Alleviating our frustration at the gas pump has become a cause célèbre that cuts across party lines.

311_gasoline pumps (photo credit: Associated Press)
311_gasoline pumps
(photo credit: Associated Press)
It must mean a great deal when Knesset members echo and even amplify the outcry of regular folks. Thus when MKs last week urged Prime Minister Binyamin Netanyahu to personally intervene and reconsider recent excise tax hikes on gasoline, they must be perceived as responding to an irresistible groundswell of discontent.
This impression is further reinforced by the fact that the Knesset Economics Committee has called for a parliamentary commission of inquiry to probe the entire issue of fuel prices here.

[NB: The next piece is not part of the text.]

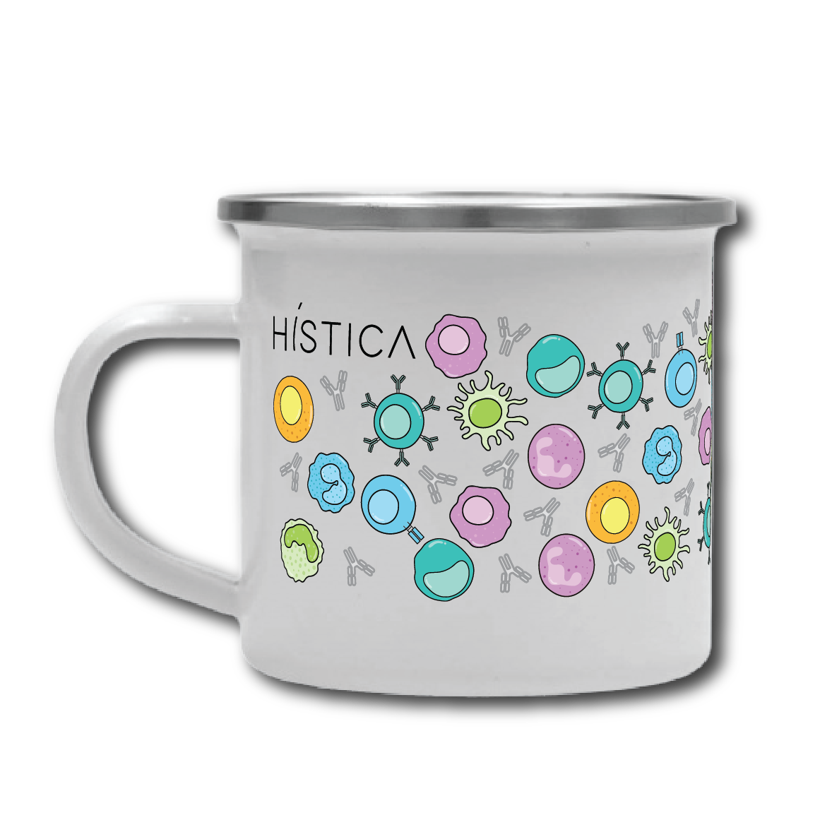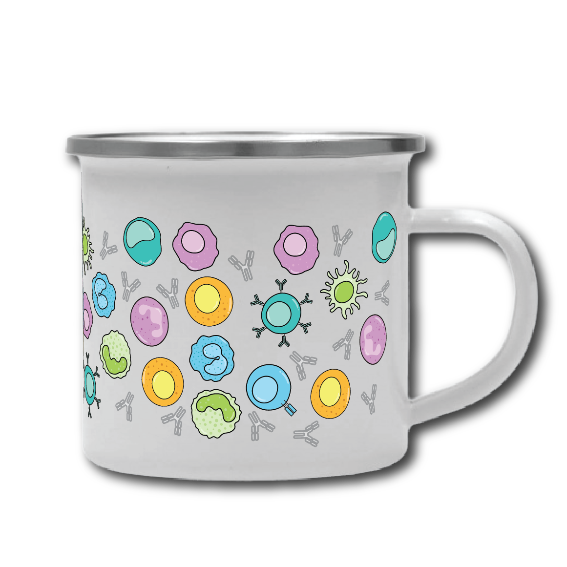 Jarro de metal esmaltado color blanco estampado con el diseño de las células inmunes.

The fact that we pay more for filling up the tank than most anywhere in the Western world is obvious to ordinary Israelis. The price of gasoline in Israel, if calculated in American terms, is one of the highest in the world – about $8 per gallon.
But it’s bad also by European standards. Indeed, our intuitions have of late received empirical backing from the Knesset Research Center, which was commissioned by the Economics Committee to collect and process comparative-price data. The bottom line was that last December we shelled out 25 percent more per liter of gasoline than was the average in 15 Western European countries. The gap has widened since, reaching about 30% this month due to the recent excise increases. And gasoline prices are slated for another increase in February.
In all, even before excises were raised, Israelis were taxed 18% more per liter than their European counterparts. If we look further back, the picture gets bleaker. Gasoline prices are 53% more expensive here today than they were in 2005 (versus a 38% increase in EU states) and diesel fuel is up by 97% for that same time-frame. At this point it’s instructive to recall that crude oil prices climbed by less than 20% in the past year and remain only half of what they were a couple of years back.
Also contributing to the outrage is the fact that marketing profit margins here are nearly double what gas companies charge in Europe. This, coupled with excessive taxation, keeps our fuel prices disproportionately high. It serves everyone but the consumer. Profits enrich corporations while fuel excises play a cardinal role in the government’s deficit-reduction efforts.
The Treasury’s additional justification for higher gasoline prices, as contributing to environmental protection by forcing the citizenry to resort to public transport, rings particularly hollow. For one thing, bus and cab fares have soared concomitantly with the excise hikes. Recent demonstrations, especially in Tel Aviv, served to show quite unambiguously that the public isn’t falling for lame excuses.
THIS HAS helped the message get through to the very MKs who ratified the 2011-12 state budget (and with it the excise hikes) last month. The Knesset Finance Committee specifically approved the higher gasoline taxes two weeks ago. Now however, parliamentary sentiment seems shifting, and that in itself is a good thing, much as we may scoff, understandably, at the populist vicissitudes of our politicians.
Even if their motivations are less than entirely righteous and sincere, it is encouraging to realize that they are listening to the vox populi. Alleviating our frustration at the gas pump has become a cause célèbre that cuts across party lines.
The upshot is that our lawmakers have pledged to somehow rectify the situation and bring prices down. We have no way of predicting whether they’ll succeed. Odds are that they won’t be able to turn the hands of the clock back and return us to some phase of the status quo ante. But they are more likely, at least, to impact future governmental alacrity to raise fuel prices as a means to balancing the state budget. That facile solution may become a little less expedient a measure.
Perhaps the most hopeful sign of all, though, is that the Treasury even bothered to reply to the gasoline price squawk. It is not often that the Finance Ministry reacts to anti-tax protests.
Its environmental and fiscal pretexts may be preposterous and unacceptable, but they at least prove that the men from the ministry are feeling the pressure – which in itself is a modicum of success that warrants mild optimism.